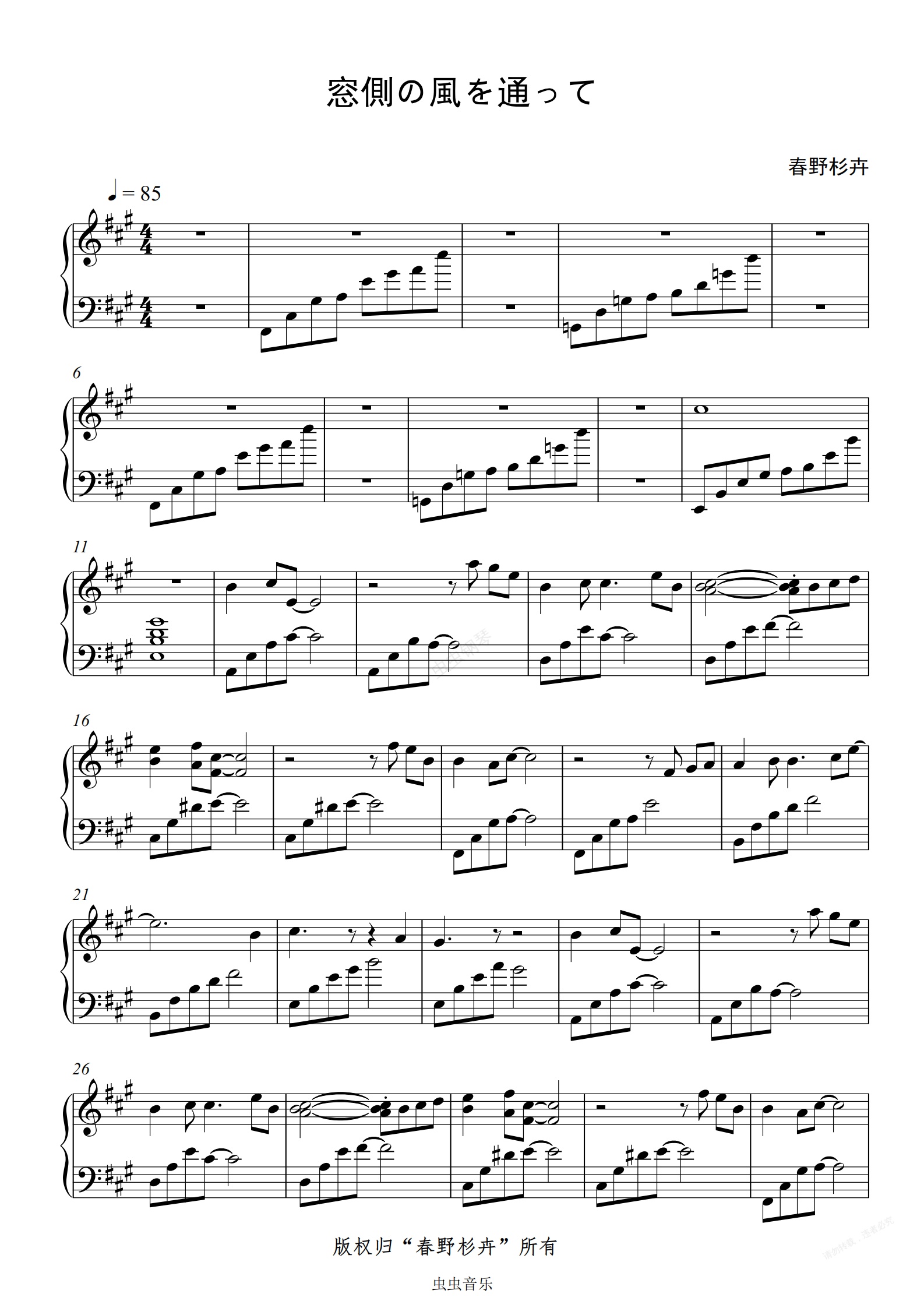 钢琴谱:窓側の風を通って/透过窗边的风
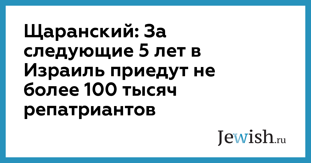 "Количество прибывающих в страну новых репатриантов из СНГ резко упало за последние годы. Если ничего не изменится к худшему, в пятилетний период в Израиль прибудут не более 100 тысяч репатриантов",-сказал Щаранский.
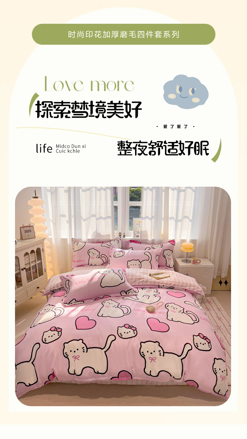 (总)花伞家居 2025新款直播网销斜纹加厚磨毛印花植物羊绒四件套
_ _ _ _ _ _ _
• Exercise goal: Output a faithful copy of the data, with each picture left out.

• Expected output:
 钢琴谱:窓側の風を通って/透过窗边的风
 "Количество прибывающих в страну новых репатриантов из СНГ резко упало за последние годы. Если ничего не изменится к худшему, в пятилетний период в Израиль прибудут не более 100 тысяч репатриантов",-сказал Щаранский.
 (总)花伞家居 2025新款直播网销斜纹加厚磨毛印花植物羊绒四件套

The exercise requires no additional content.